- **Exercise inputs**
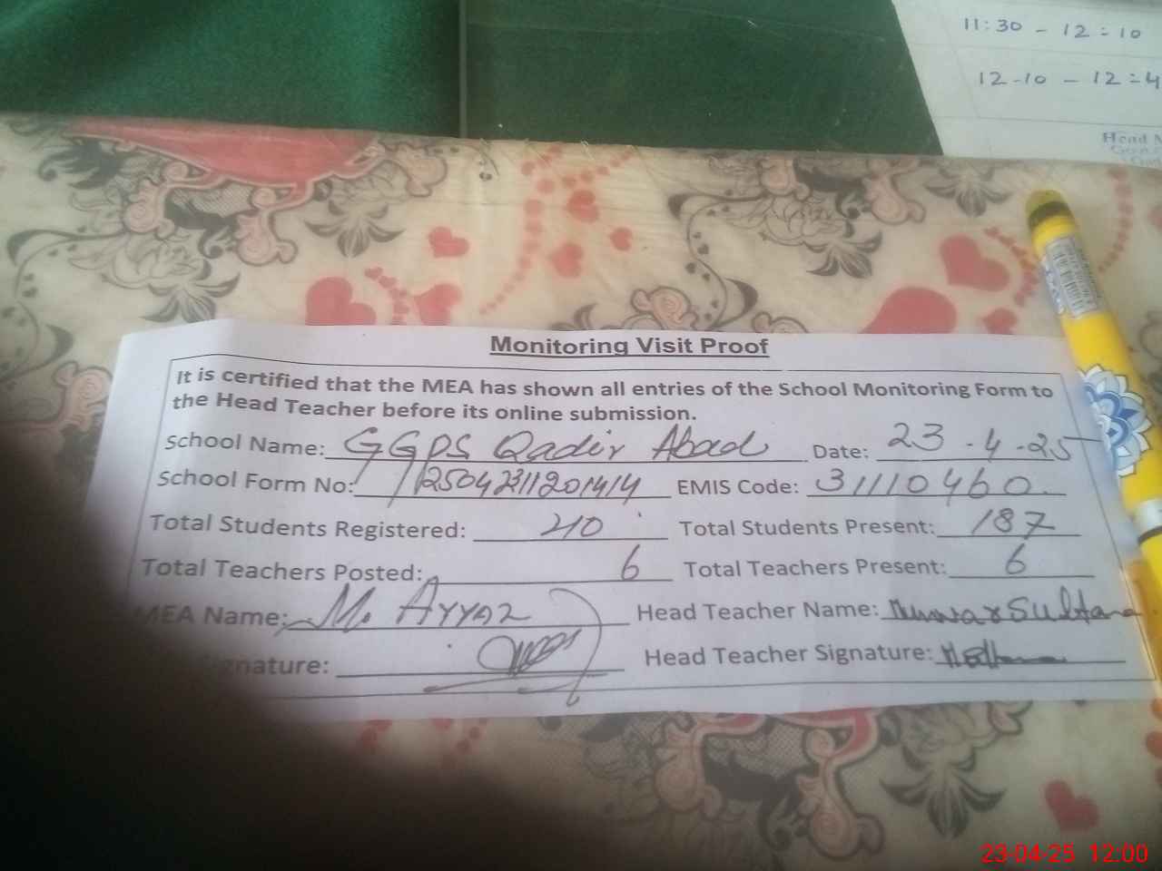 | Attendance Register | Head Teacher | MEA with School | Visit Proof |
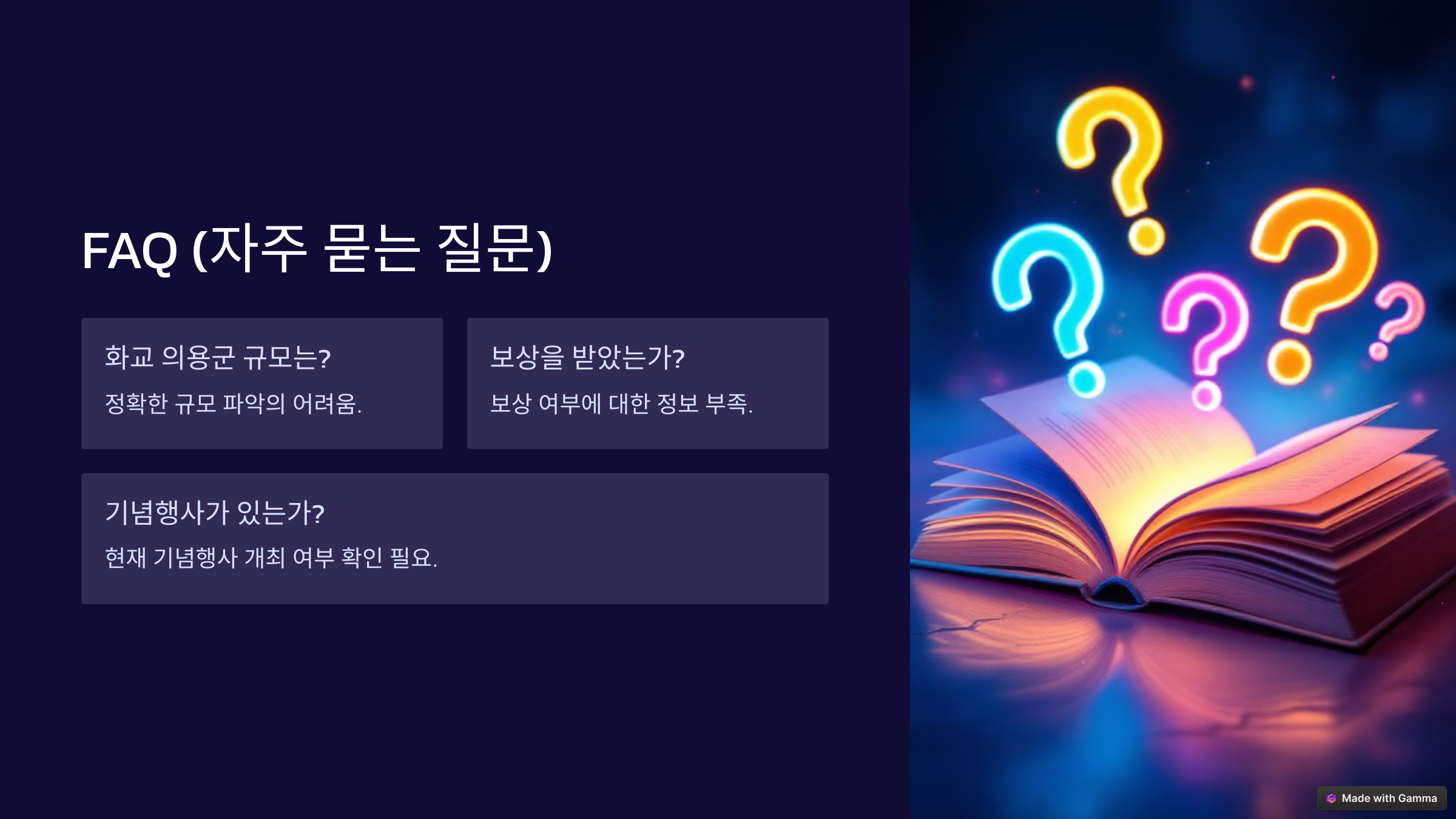 A8. 현재까지는 공식적인 기념비나 박물관은 없지만, 일부 역사 연구 단체들이 관련 전시와 학술 행사를 진행하고 있어요. 앞으로 더 많은 기념 활동이 이루어지기를 기대해요.
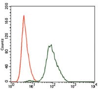 Flow cytometric analysis of NIH3T3 cells using SPIB mouse mAb (green) and negative control (red).
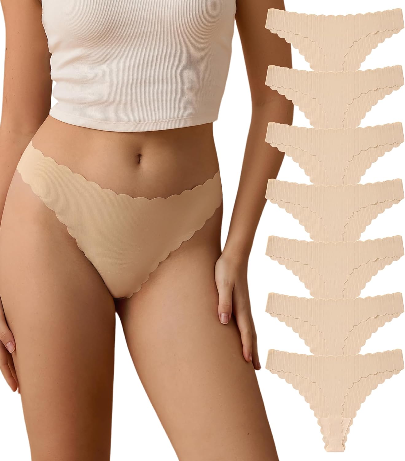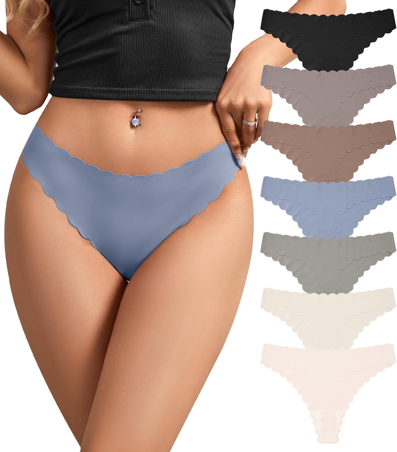 SHARICCA Womens Seamless Thongs No Show Underwear Soft Ribbed Invisible Panties Wave Edge Multi Pack
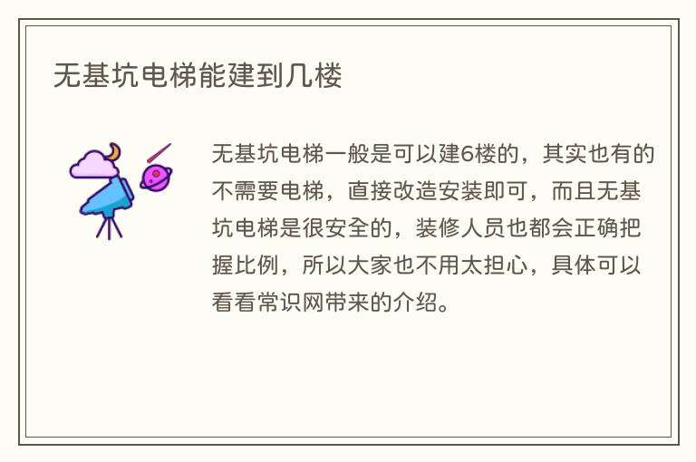 无基坑电梯一般是可以建6楼的,其实也有的不需要电梯,直接改造安装即可,而且无基坑电梯是很安全的,装修人员也都会正确把握比例,所以大家也不用太担心,具体可以看看常识网带来的介绍。
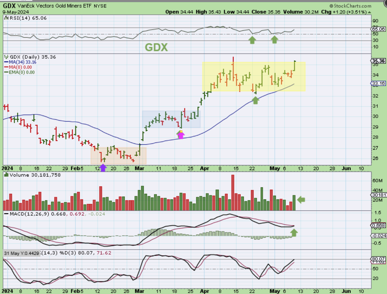 GDX – The Miners followed through higher and this has been a nice consolidation to break out from. With Gold and Silver only on day 4 & 5,  they can run through next week and only be on day 10 and 11. Miners should make a run higher from here, simply based on the past 2 runs from those consolidations and the dcls in both Gold & Silver.
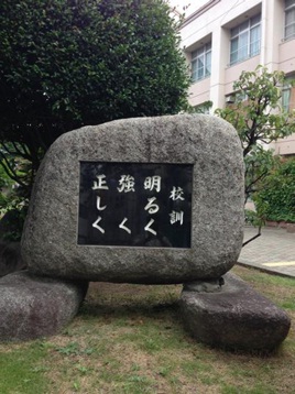 さて、先週金曜日に本校PTA実行委員会出身者で構成されている「白鳩会」総会が行われました。その席で、「HPをいつも読ませていただいている。」「学校の様子がよくわかります。」と感想を述べられていました。また、正門の石碑の話題になり、創立50周年を記念して平成9年に建てられました。改めてご紹介いたします。

- **Task item**
Transcribe only the lines from the one holding "A8. 현재까지는 공식적인" through the last line of the listing above, inclusive, and do not include the pictures.

- **Solution to the problem**
 A8. 현재까지는 공식적인 기념비나 박물관은 없지만, 일부 역사 연구 단체들이 관련 전시와 학술 행사를 진행하고 있어요. 앞으로 더 많은 기념 활동이 이루어지기를 기대해요.
 Flow cytometric analysis of NIH3T3 cells using SPIB mouse mAb (green) and negative control (red).
 SHARICCA Womens Seamless Thongs No Show Underwear Soft Ribbed Invisible Panties Wave Edge Multi Pack
 无基坑电梯一般是可以建6楼的,其实也有的不需要电梯,直接改造安装即可,而且无基坑电梯是很安全的,装修人员也都会正确把握比例,所以大家也不用太担心,具体可以看看常识网带来的介绍。
 GDX – The Miners followed through higher and this has been a nice consolidation to break out from. With Gold and Silver only on day 4 & 5,  they can run through next week and only be on day 10 and 11. Miners should make a run higher from here, simply based on the past 2 runs from those consolidations and the dcls in both Gold & Silver.
 さて、先週金曜日に本校PTA実行委員会出身者で構成されている「白鳩会」総会が行われました。その席で、「HPをいつも読ませていただいている。」「学校の様子がよくわかります。」と感想を述べられていました。また、正門の石碑の話題になり、創立50周年を記念して平成9年に建てられました。改めてご紹介いたします。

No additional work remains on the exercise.